#### MATERIAL PROVIDED:
▽

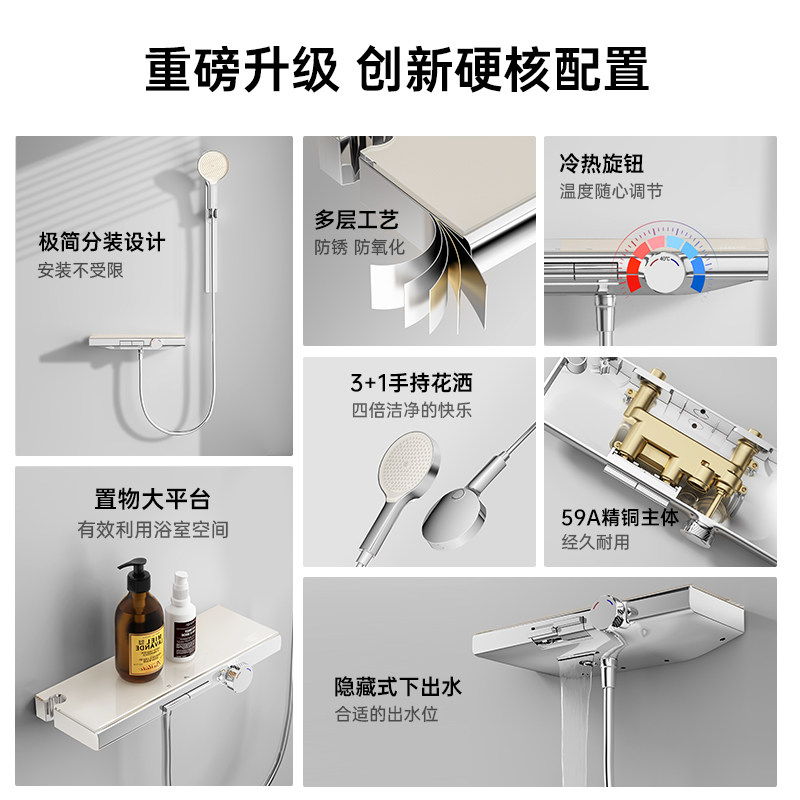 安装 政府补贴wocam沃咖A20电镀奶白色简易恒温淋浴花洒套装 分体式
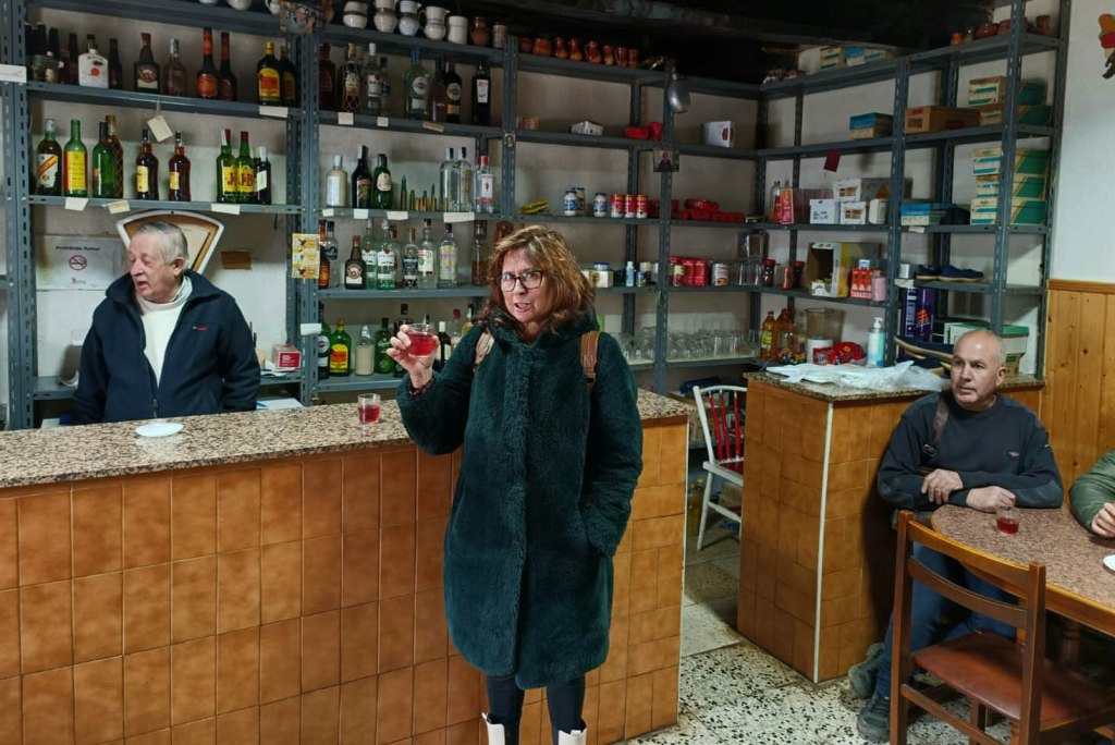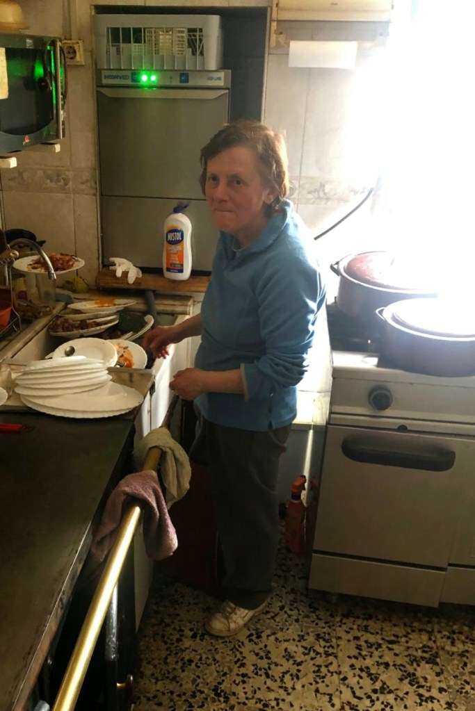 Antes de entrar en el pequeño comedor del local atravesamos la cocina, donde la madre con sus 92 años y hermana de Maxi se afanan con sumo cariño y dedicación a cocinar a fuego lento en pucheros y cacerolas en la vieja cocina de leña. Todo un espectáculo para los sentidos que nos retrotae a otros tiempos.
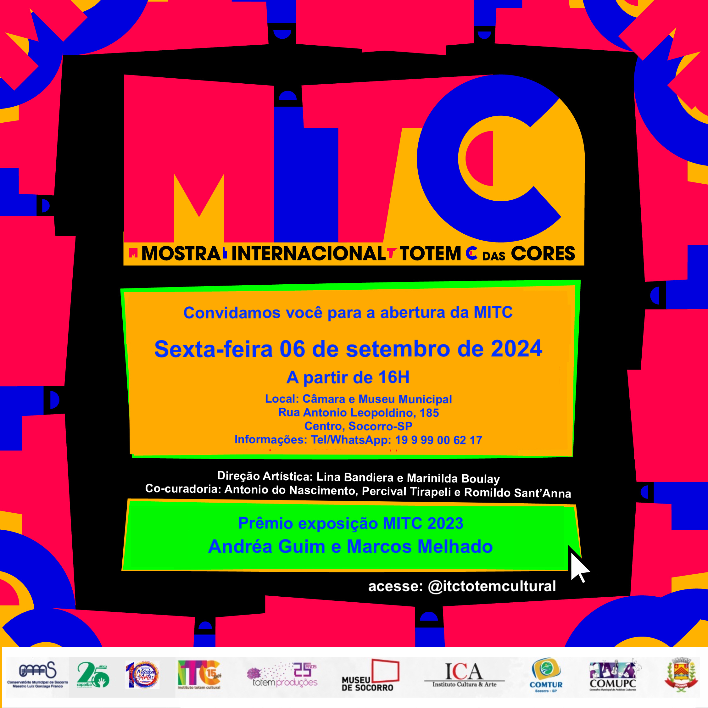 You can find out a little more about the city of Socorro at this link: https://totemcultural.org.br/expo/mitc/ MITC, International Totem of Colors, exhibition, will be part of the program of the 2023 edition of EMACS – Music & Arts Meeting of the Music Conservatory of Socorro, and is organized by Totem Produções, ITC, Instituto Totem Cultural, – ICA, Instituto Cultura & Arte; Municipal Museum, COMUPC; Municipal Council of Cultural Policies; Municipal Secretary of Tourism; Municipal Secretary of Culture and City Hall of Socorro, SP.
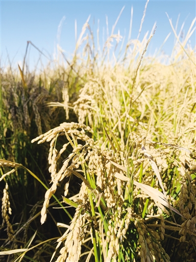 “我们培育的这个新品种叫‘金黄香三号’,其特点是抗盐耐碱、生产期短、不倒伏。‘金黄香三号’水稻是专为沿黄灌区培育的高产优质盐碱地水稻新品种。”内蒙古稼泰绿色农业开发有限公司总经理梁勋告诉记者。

△

The line with "You can find" and each line after it, through the final line of the data, are to be duplicated exactly, with pictures left out and nothing more included.

 You can find out a little more about the city of Socorro at this link: https://totemcultural.org.br/expo/mitc/ MITC, International Totem of Colors, exhibition, will be part of the program of the 2023 edition of EMACS – Music & Arts Meeting of the Music Conservatory of Socorro, and is organized by Totem Produções, ITC, Instituto Totem Cultural, – ICA, Instituto Cultura & Arte; Municipal Museum, COMUPC; Municipal Council of Cultural Policies; Municipal Secretary of Tourism; Municipal Secretary of Culture and City Hall of Socorro, SP.
 “我们培育的这个新品种叫‘金黄香三号’,其特点是抗盐耐碱、生产期短、不倒伏。‘金黄香三号’水稻是专为沿黄灌区培育的高产优质盐碱地水稻新品种。”内蒙古稼泰绿色农业开发有限公司总经理梁勋告诉记者。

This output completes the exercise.